Instructions to follow
An exact copy of the listing below is needed, with no pictures in it.

Stored data
◇ ◇ ◇
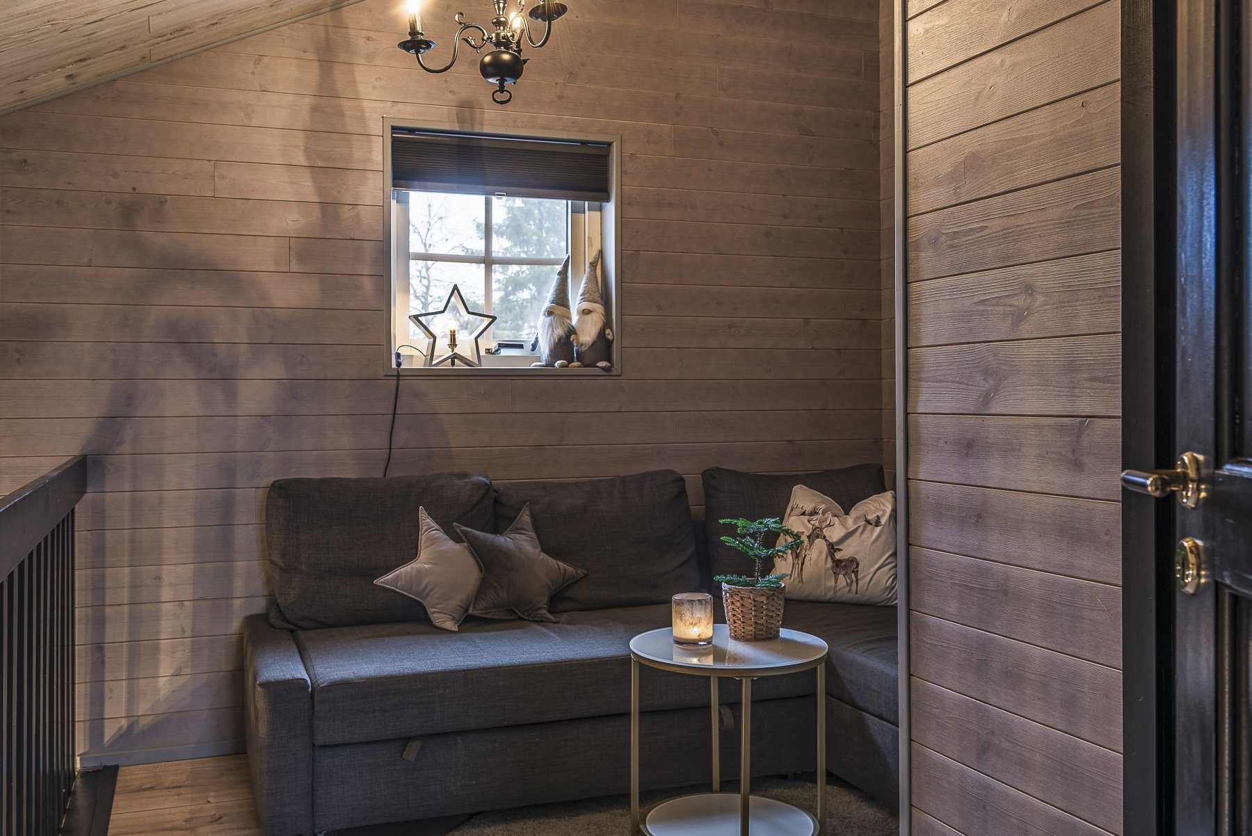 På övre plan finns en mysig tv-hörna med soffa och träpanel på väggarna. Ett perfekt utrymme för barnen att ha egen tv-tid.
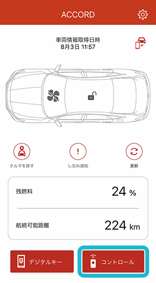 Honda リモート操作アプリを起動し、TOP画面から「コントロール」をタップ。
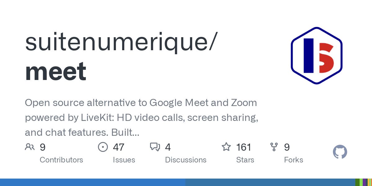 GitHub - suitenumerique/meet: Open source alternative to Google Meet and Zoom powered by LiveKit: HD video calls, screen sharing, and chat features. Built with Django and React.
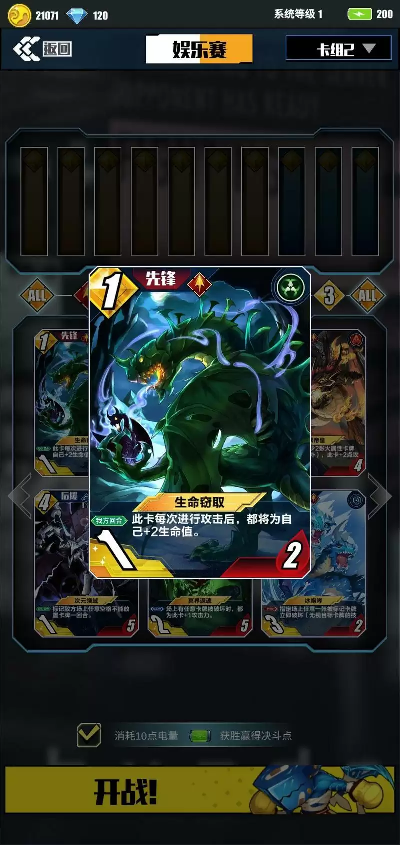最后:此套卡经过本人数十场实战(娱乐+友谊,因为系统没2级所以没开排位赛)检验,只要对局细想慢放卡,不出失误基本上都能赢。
◇ ◇ ◇
Result of the task
 På övre plan finns en mysig tv-hörna med soffa och träpanel på väggarna. Ett perfekt utrymme för barnen att ha egen tv-tid.
 Honda リモート操作アプリを起動し、TOP画面から「コントロール」をタップ。
 GitHub - suitenumerique/meet: Open source alternative to Google Meet and Zoom powered by LiveKit: HD video calls, screen sharing, and chat features. Built with Django and React.
最后:此套卡经过本人数十场实战(娱乐+友谊,因为系统没2级所以没开排位赛)检验,只要对局细想慢放卡,不出失误基本上都能赢。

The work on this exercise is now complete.